While initial research concentrated on determining whether machine learning could utilize data to identify a participant's current emotional state, Picard and Pedrelli's current work at MIT's Jameel Clinic has evolved significantly. They now investigate whether machine learning can predict disorder trajectories, detect behavioral changes in individuals, and provide data that informs personalized medical interventions.
In 2016, Picard and Szymon Fedor, a research scientist in Picard's affective computing laboratory, initiated collaboration with Pedrelli. Following a successful small-scale pilot study, they are now in the fourth year of their five-year study funded by the National Institutes of Health.
To conduct their research, the team recruited MGH participants diagnosed with major depression who had recently modified their treatment approach. To date, 48 individuals have enrolled in the study. For 22 hours daily over a 12-week period, participants wear Empatica E4 wristbands. These wearable devices, created by one of Picard's companies, capture biometric information including electrodermal (skin) activity. Participants also install applications on their smartphones that collect data on text messages, phone calls, location information, and app usage patterns. Additionally, these applications prompt participants to complete biweekly depression surveys.
Each week, patients meet with a clinician who evaluates their depressive symptoms.
"We input all the data collected from wearables and smartphones into our machine-learning algorithm and evaluate how effectively the machine learning predicts the labels assigned by clinicians," Picard states. "Currently, our prediction accuracy is quite high."
Empowering Individuals Through Technology
While developing effective machine-learning algorithms presents one set of challenges, designing a tool that genuinely empowers and supports users represents another significant hurdle.
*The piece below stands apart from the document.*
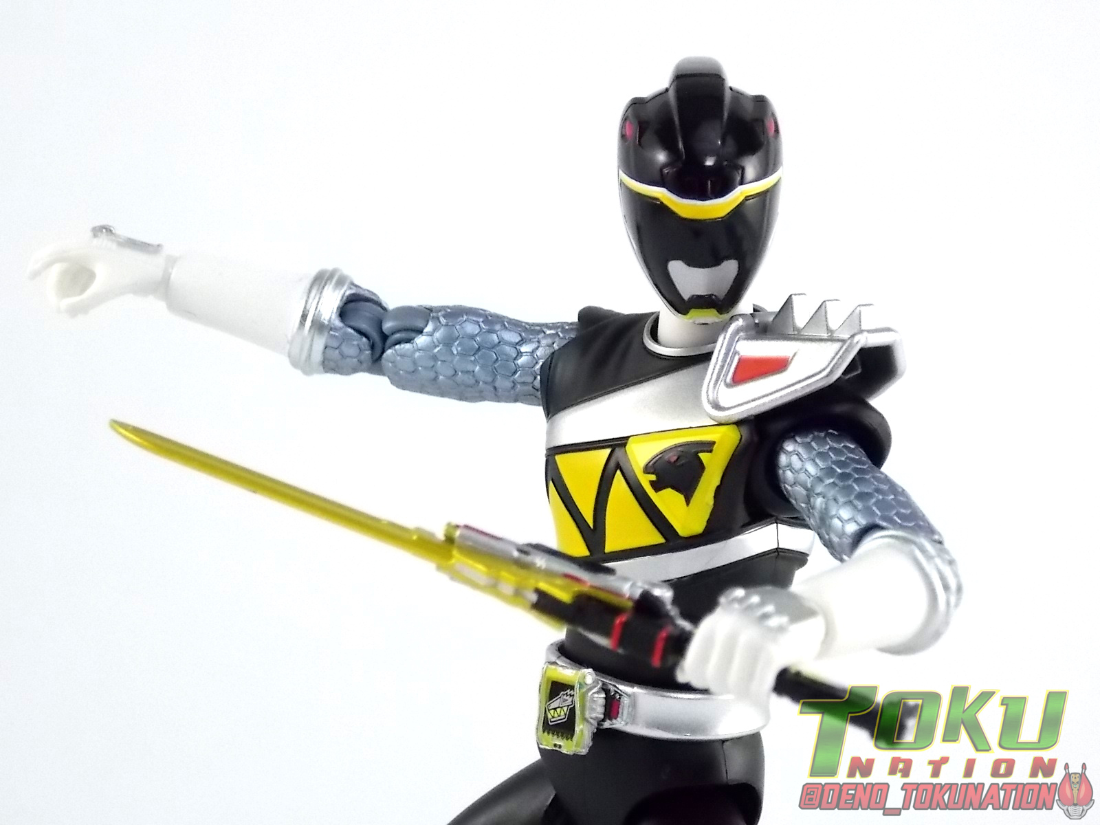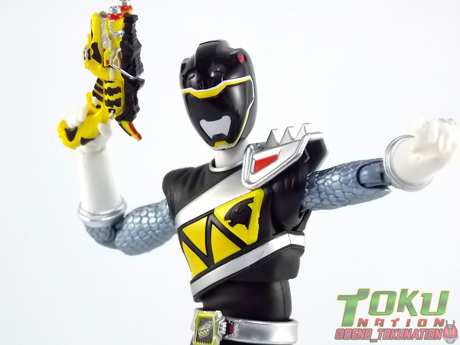 The Horned Brave! We're picking back up where we left off for TokuNation's Gallery 2.0 do-overs with and we're back with another look at Zyuden Sentai Kyoryuger! And this time we're doing S.H. Figuarts Kyoryu Black & Kyoryu Pink Gallery 2.0! ** A majority of this review will be identical to my Kyoryu Blue & Green gallery 2.0 & review. These figures are nigh identical to those, for the most part, aside from accessories. Packaging Kyoryu Black & Pink come in the same interesting box that Kyoryu Red did. Though Sentai Figuarts haven't been around nearly as longs as Rider ones, they initially started out with the same boring box design but Kyoryuger figuarts are much nicer. Like the Kyoryu Blue & Green set this one is also a Tamashii Web Exclusive, so it's a windowless box. Main Figure Kyoryu Black feature the same base body as Kyoryu Red/Green/Blue. And wow what a nice one it still is. The Kyoryuger designs are some of the more busy modern sentai suits we've had in a while, and I mean that in a good way. Luckily the busyness, in fact the more armored nature of this design, lends itself that much more to being a toy. Where Riders Metal Heroes & the like have the advantage of armored costumes and less apparent articulation cuts, sentai costumes are basically fabric. So reproducing that in articulated toy form can be difficult. But the Kyoryugers really pull it off. The lower half of the body is simple stuff. Come up to the belt though to check out glorious detail on the Mobuckle. It's hard to see at that scale but the Kyoryuger emblem and even the eyes on the sides of the buckle are fully painted. The Mobuckle can also rotate to the side to simulate it's functionality without opening. At this scale though they couldn't engineer it to do that. But that's okay as the included Zyudenchi is tiny. Further up brings us to the exquisitely molded arm details. Rather than go for a fishnet style paint job on the arms to get the scaly feel of the costume, Bandai has instead sculpted the detailing into the arms themselves! Thus creating a much more polished look that works better than I ever thought it would. The chest and head though are where the figures really knock it out of the park. As I said the more armored nature of these figures lend themselves well to the toy makeover. The chest emblems, sash, shoulder, & backs are all gloriously detailed and fully painted. The Parasagun emblem in particular looks great. Now onto Kyoryu Pink we have much of the same awesomeness. The body is of course different with a smaller build and new parts like the skirt and chest. However unlike previous female sentai releases the skirt already has some side cuts in it but there's no alternate one include for wider posing. Which is a bit unfortunate as herdefault skirt can actually be a bit restrictive. The overall design is just as nice as what we got with Kyoryu Black. All the same features a present here. The excellent arm details, headsculpt, and paint applications (like the Dricera emblem) just knock it out of the park. And as for posability, well see for yourself below. Kyoryu Black & Pink (much like Red, Green, & Blue) can assume any of their iconic poses with ease and pretty great balance as well. The shoulder armor doesn't impact articulation either thanks to the hinge on the pad. So these two have great open ranges of movement at their disposal. Again the only issue with Pink is her skirt. Her smaller stature actually helps to center her gravity a bit lower so I feel like despite being so lite weight she tends to balance very well. One oddity though is that even though Bandai went to the trouble to create a new smaller body for Kyoryu Pink, they've never reused it. This female molding could have very easily been re purposed for Kyoryu Violet II or Kyoryu Cyan II. But with Sentai figuarts being mostly dead at this point it isn't terribly surprising that they never did that. Accessories Kyoryu Black & Pink also come loaded down with a basically perfect assortment of what you need. Each of them come with: 1 - Gaburevolver. The trademark weapon/henshin device of the Kyoryugers is done true justice here. You'd think at this size it would be missing paint apps but frankly it's perfect. It's just incredible how perfectly to scale this thing is painted compared to the real thing. Now the barrel doesn't spin nor can it open up on the end to accept Zyudenchi, but considering how small the Zyudenchi for these figuarts are that's fine. Once you got one in I'm sure it would never come out again. 1 - Generic Zyudenchi. Though by association these should be Parasagun's & Dricera's Zyudenchi respectively, they simply aren't painted correctly. Though to be fair none of the 6 Kyoryuger Figuarts have Zyudenchi with entirely accurate colors. But that's mostly because at this scale it's nigh impossible to paint properly. So some general colors are slapped on so you get a feel for it. Again this thing is infinitesimally small and I won't use it for anything again ever. I'm fine with it being kind of generic. 1 - Gaburicalibur. Again this is a wonderfully detailed piece. Right down to the most minor details this is a perfect recreation of the show prop. Again it does not open or accept batteries and I'm totally okay with that. What I'm not okay with however is that the Gaburevolver & Gaburicalibu do not combine into the Gaburicannon. Nor is a separately molded version of it included with any figuart. 4 - sets of additional hands. For your general needs. You get one set of Revolver hands, one set of Calibur hands, and one set of splayed out roll call pose hands. Kyoryu Pink also gets 2 open palm hands while Kyoryu Black only gets 1. However in Kyoryu Pink's case I have to make note that for some reason they skimped and just repacked her with male hands rather than going for a smaller sculpt. 1 - Armed On Arm. A great inclusion here is the option to display either of your figures in their Armed On forms! To use these you need to (prett

Picard notes, "The critical question we're now addressing is: once we have these machine-learning algorithms, how can they truly benefit people?"
Picard and her team are carefully considering how their machine-learning algorithms might present findings to users—potentially through a dedicated device, smartphone application, or even a system that notifies predetermined doctors or family members about optimal ways to support the user.
For instance, consider a technology that detects that an individual has recently experienced reduced sleep, spent more time indoors, and exhibited an elevated heart rate. These subtle changes might escape notice by both the individual and their loved ones. Machine-learning algorithms could analyze these data points, mapping them against the individual's historical patterns and the experiences of other users. The technology might then encourage the individual to engage in behaviors that previously improved their well-being or prompt them to contact their healthcare provider.
If implemented inappropriately, this type of technology could potentially produce adverse effects. For example, if an application alerts someone that they're approaching a severe depressive episode, this information might trigger discouragement or intensify negative emotions. To address this concern, Pedrelli and Picard are actively involving actual users in the design process to create a tool that provides assistance without causing harm.
"An effective tool might inform an individual: 'The reason you're feeling down may relate to changes in your sleep patterns, reduced social activity, and decreased time spent with friends, along with diminished physical activity. We recommend finding ways to increase these activities,'" Picard explains. The team also prioritizes data privacy and ensures informed consent from all participants.
Artificial intelligence and machine-learning algorithms can identify connections and patterns in large datasets that humans might easily overlook, Picard concludes. "I believe there's a compelling argument for technology helping humans better understand and support other humans."